Former Hamilton medic says he couldn't sleep after Yosif Al-Hasnawi died on his watch

Steven Snively says he had a hard time sleeping the night Yosif Al-Hasnawi died. But he went to work the next day because he didn't want Hamilton to have one less ambulance on the road.

That's also when he wrote his report about what happened the night before.

Snively is one of two former Hamilton paramedics on trial in superior court for how they treated Al-Hasnawi on Dec. 2, 2017. When they arrived at a sidewalk near Main and Sanford, they thought he'd been shot with a BB gun, the court has heard. They didn't leave for the hospital for 23 minutes.

In fact, Al-Hasnawi had been shot with a .22 caliber bullet. By the time he arrived at the hospital, nearly all the blood had drained from his heart.

Snively says he and codefendant Christopher Marchant gave the 19-year-old CPR at the hospital as emergency doctors tended to him. Snively said he was shocked and distraught when Marchant told him Al-Hasnawi was dead.

"I was overwhelmed with an array of emotions," he told the court Friday. "I can't recall them all now, but it was shock. Disbelief. Doubt. There was just … uncertainty."

The idea of writing an incident report that night "just didn't come to mind," Snively said.

Instead, he wrote it the next day, he told the court.
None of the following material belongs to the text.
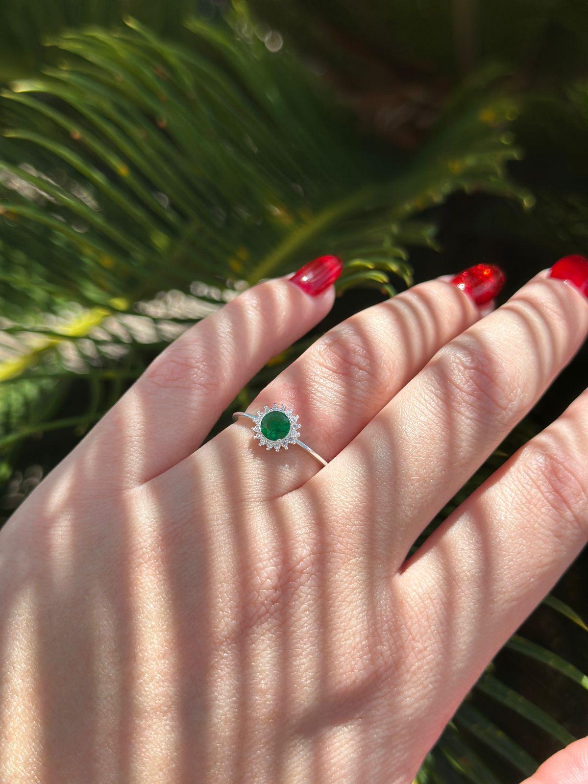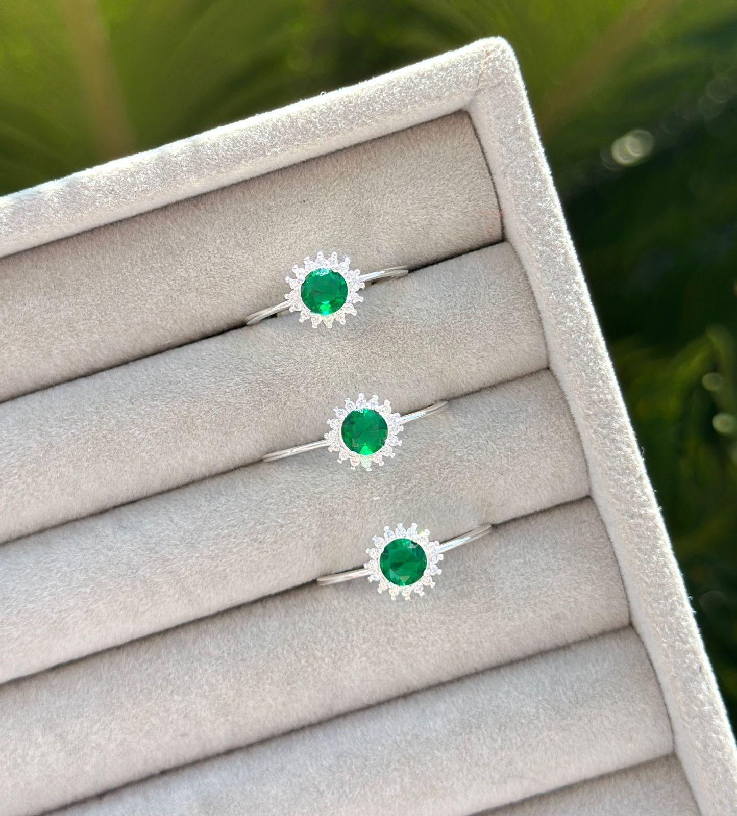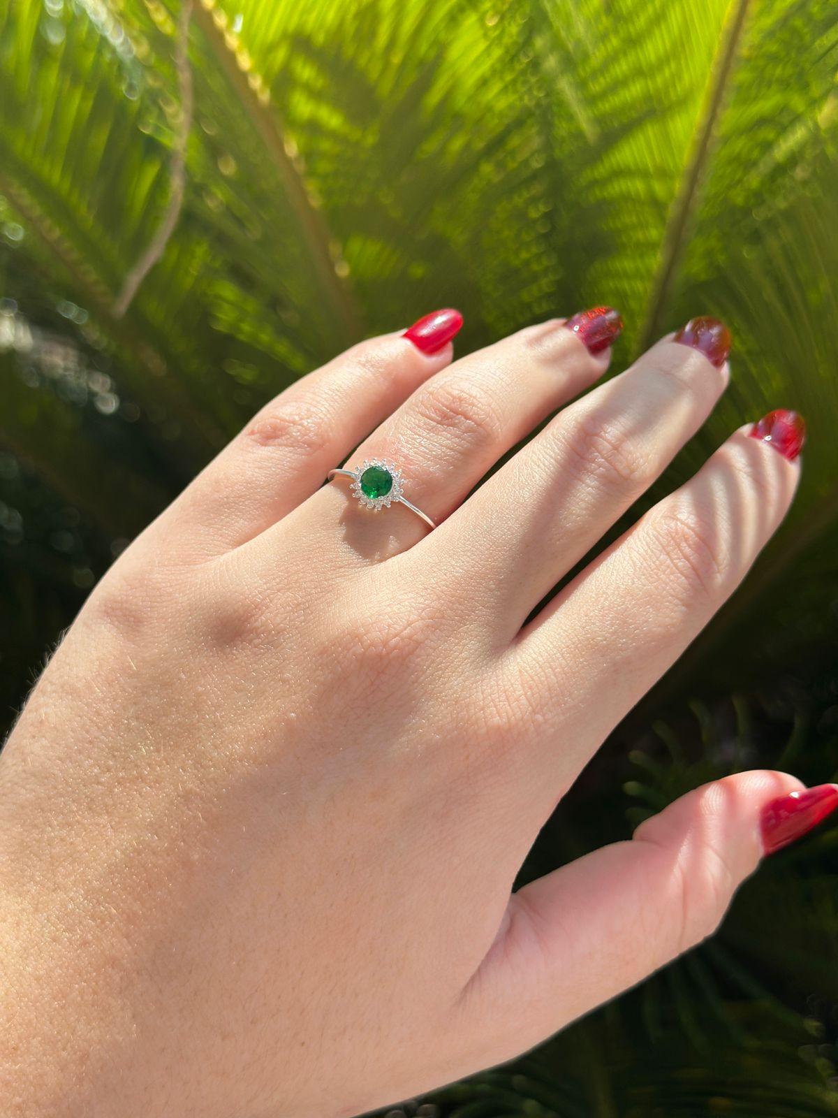 Modelo: Anel Solitário Redondo Verde Cravejado

He sat alone at a desk, he said, and wrote that Al-Hasnawi had "a soft tissue injury from a pellet gun." He also wrote that he thought it was primarily a mental health call.

He wrote the report, he told the court, in a "state of fatigue."

"Did you get any sleep the night before?" asked his lawyer, Michael DelGobbo.

"No, sir," Snively said.

As for why he didn't call in sick the next day, he said, "if I didn't show up, the service would have been down one truck."

Snively, 55, and Marchant, 32, are charged with failing to provide the necessaries of life. It's a rare case, one that could hold first responders criminally accountable for how they treated a patient.

Some Crown witnesses said the pair laughed during the call, and said Al-Hasnawi should get an Oscar for his acting. The paramedics deny saying that.

In his testimony this week, Marchant said Al-Hasnawi was "uncooperative," and they thought it was a mental health call. That's why they took him to St. Joseph's Hospital rather than Hamilton General, a regional trauma centre.

The court has also heard that Marchant, in talking to a dispatcher, said Al-Hasnawi was "acting like a dickhead."

What happens next

Snively said he and Marchant, with the help of Sgt. Nesreen Shawihat from Hamilton Police Service, restrained Al-Hasnawi in the back of the ambulance. Al-Hasnawi's condition spiraled about a minute from the hospital, Snively recalled, and that's when he hit the sirens.

The trial resumes Wednesday, when the Crown will cross-examine Snively.

Jeffrey Manishen of Hamilton is representing Marchant. The Crown attorneys are Linda Shin and Scott Patterson.

Justice Harrison Arrell is presiding over the judge-only trial.

The person who shot Al-Hasnawi, Dale King, was acquitted last year of second-degree murder. That case is being appealed.